Au centre de ce vide sonore, une table, un tabouret. Les clés de Capucine brillent d’un éclat mat sur la table.
— Frédéric… La voix d’Océane se brise, devient un mince filet. Elle se retourne lentement vers lui, le visage tordu par l’incompréhension et une colère grandissante. C’est quoi, ça ? Où est tout ? Où sont les meubles ? Où est l’électroménager ?
— Capucine… souffle-t-il seulement.
— Tu m’avais dit que ton appartement était magnifique ! Tu m’avais dit qu’on vivrait dans le confort ! On va dormir sur ce tabouret, chacun son tour ? Alors commande des meubles tout de suite !
Frédéric déglutit avec peine. Il sait très bien qu’il n’a pas l’argent pour racheter des meubles, surtout de ce standing. Toutes ses économies sont immobilisées dans la voiture immatriculée au nom de sa mère, et il reste deux semaines avant le prochain salaire. Pour rééquiper ce trois-pièces, même avec les armoires et les lits les moins chers, il faudra contracter un prêt énorme. Et cette nuit, ce sera le sol, ou le studio en location d’Océane.

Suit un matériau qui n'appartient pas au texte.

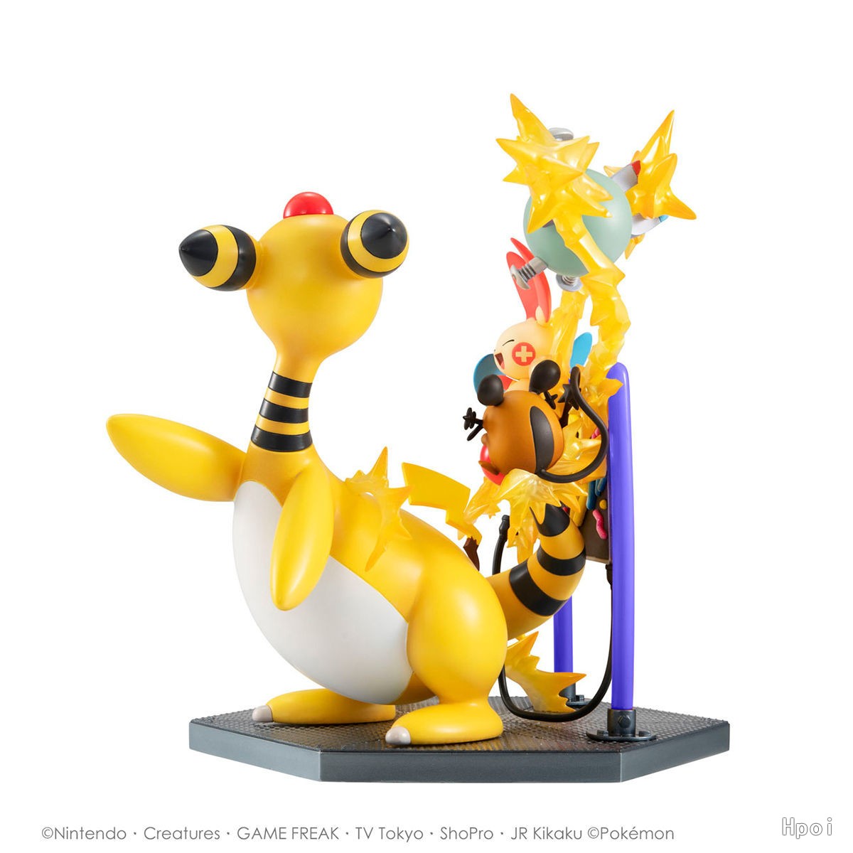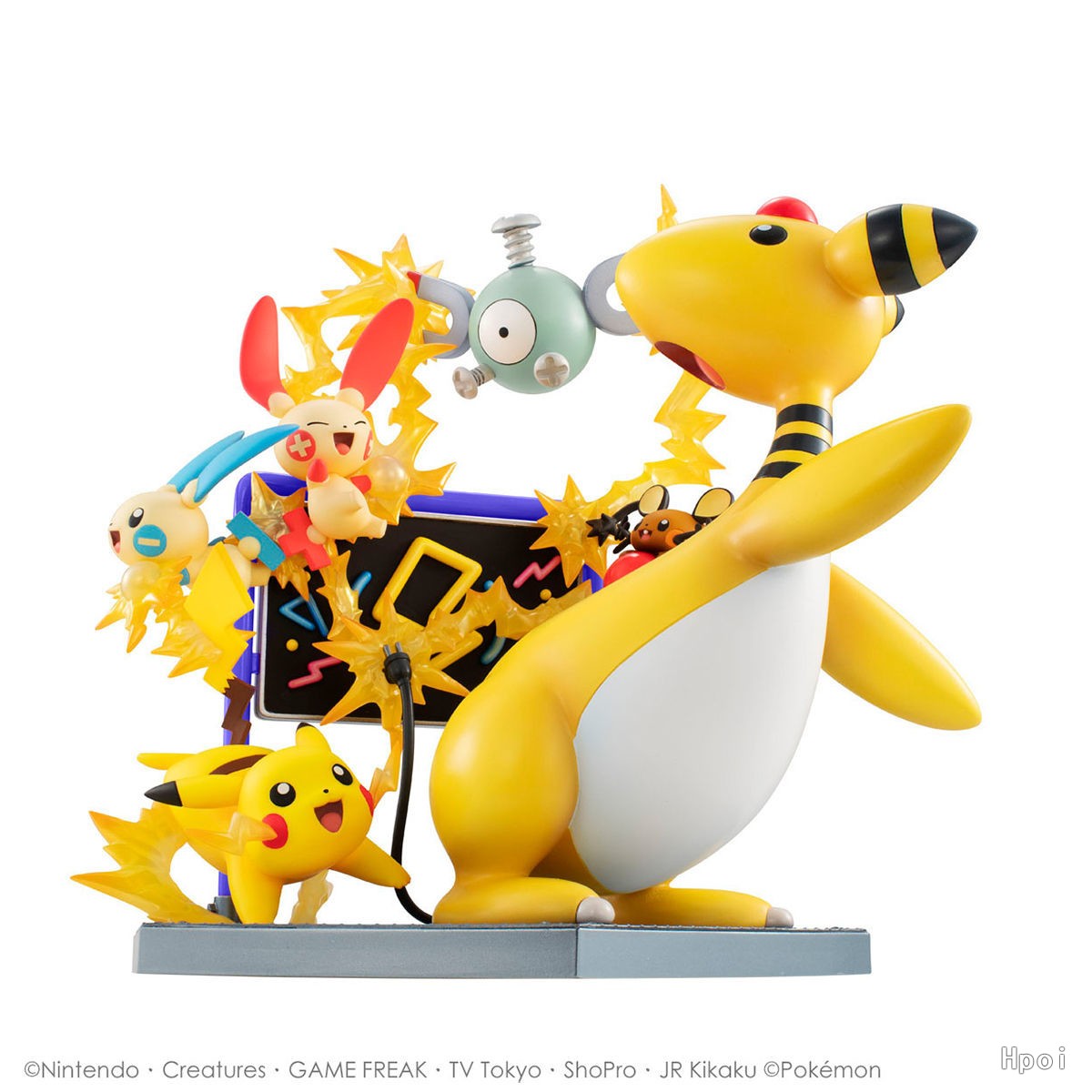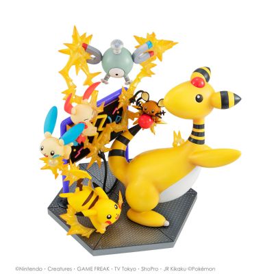 来自将宝可梦同伴们的羁绊立体化的G.E.M.EX宝可梦系列,集合了各种拥有「电属性」的宝可梦的手办闪亮登场!每只宝可梦都在放电,让在它们中间的霓虹光管发光的造型,简直是只有「电属性」才能表现出来的设计。可以欣赏到宝可梦们充满活力的可爱造型。氛围感十足的立体底座同样值得注目。不论从哪个角度去看都充满看点,是一款让人称心满意的大分量手办。和过往发售的其他系列并列在一起,进一步扩展宝可梦的世界吧!

Adossé au mur, Frédéric repense aux dernières paroles de Capucine, prononcées lors de leur ultime conversation : « Je ne prendrai que mon bien. » Elle a tenu parole : elle n’a pas touché à ses murs. Elle n’a repris que ce qui lui appartenait…
Vous savez, ces peines en carton-pâte des téléfilms à deux balles me font toujours rire. Ah ! Il en aime une autre ! Je fais ma petite valise, je lève fièrement la tête, j’essuie une larme et je m’en vais dans le couchant, en laissant tout ce que j’ai construit pour payer le bonheur des autres.
Pourquoi une femme adulte et épanouie devrait-elle financer le bonheur d’une autre ? La fierté, ce n’est pas partir avec une seule valise en offrant son confort à son ex. La fierté, c’est de reprendre ce qui a été payé avec son propre argent et de laisser au goujat exactement ce qu’il mérite. Frédéric était si fier de ses « mètres carrés acquis avant le mariage » ? Parfait. Capucine lui a rendu sa boîte en béton dans son jus. Profitez, les enfants.